• Instructions for the task: Copy out the listing that follows exactly, dropping every picture.

--- Data extract Enclosed Below ---

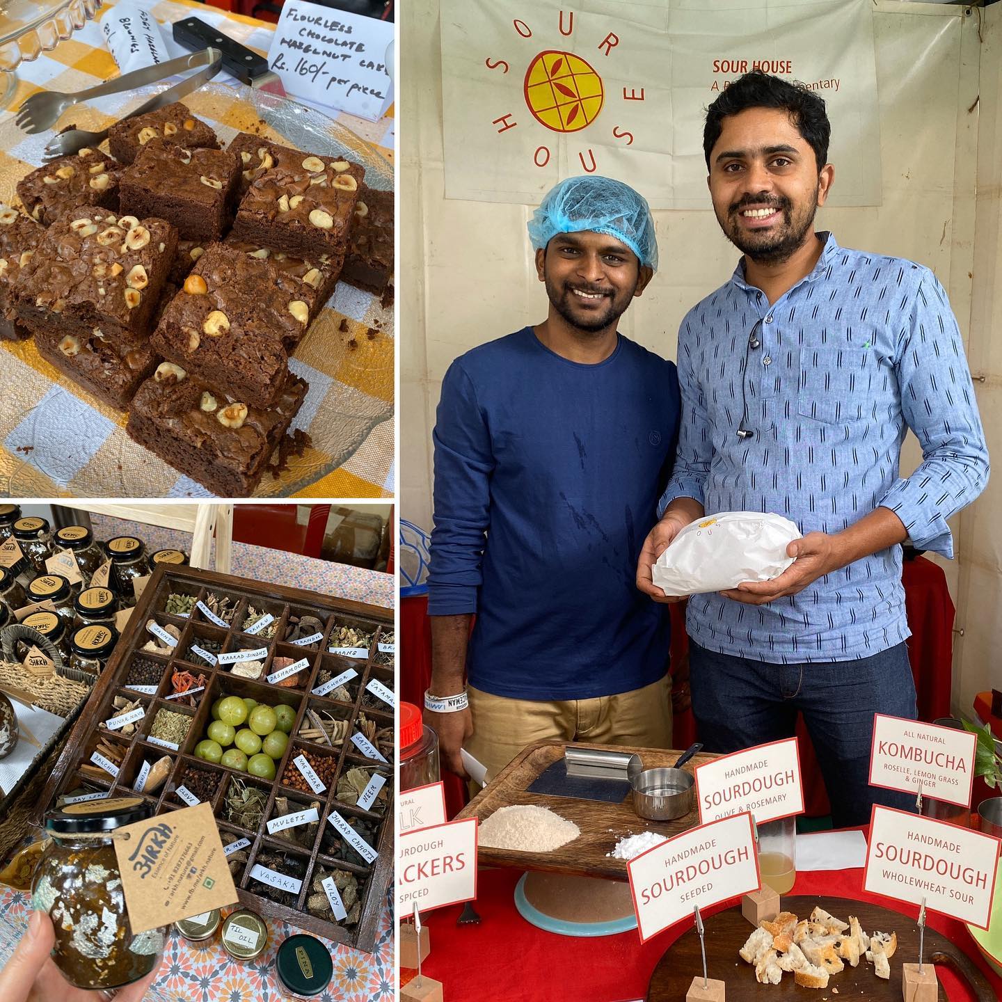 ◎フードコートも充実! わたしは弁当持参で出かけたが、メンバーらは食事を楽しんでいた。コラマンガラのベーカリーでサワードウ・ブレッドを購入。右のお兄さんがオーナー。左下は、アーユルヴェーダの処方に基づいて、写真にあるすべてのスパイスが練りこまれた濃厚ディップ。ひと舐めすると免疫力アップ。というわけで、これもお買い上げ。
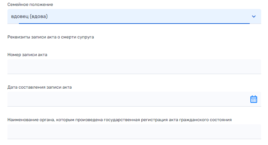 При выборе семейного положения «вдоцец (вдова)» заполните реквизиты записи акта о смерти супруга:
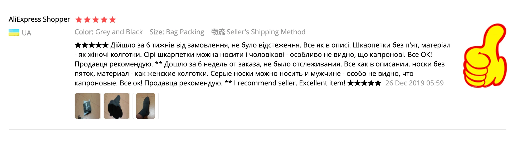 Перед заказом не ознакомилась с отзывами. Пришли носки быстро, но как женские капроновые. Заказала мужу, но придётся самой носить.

--- End of Enclosed Data extract ---

• Answer section:
 ◎フードコートも充実! わたしは弁当持参で出かけたが、メンバーらは食事を楽しんでいた。コラマンガラのベーカリーでサワードウ・ブレッドを購入。右のお兄さんがオーナー。左下は、アーユルヴェーダの処方に基づいて、写真にあるすべてのスパイスが練りこまれた濃厚ディップ。ひと舐めすると免疫力アップ。というわけで、これもお買い上げ。
 При выборе семейного положения «вдоцец (вдова)» заполните реквизиты записи акта о смерти супруга:
 Перед заказом не ознакомилась с отзывами. Пришли носки быстро, но как женские капроновые. Заказала мужу, но придётся самой носить.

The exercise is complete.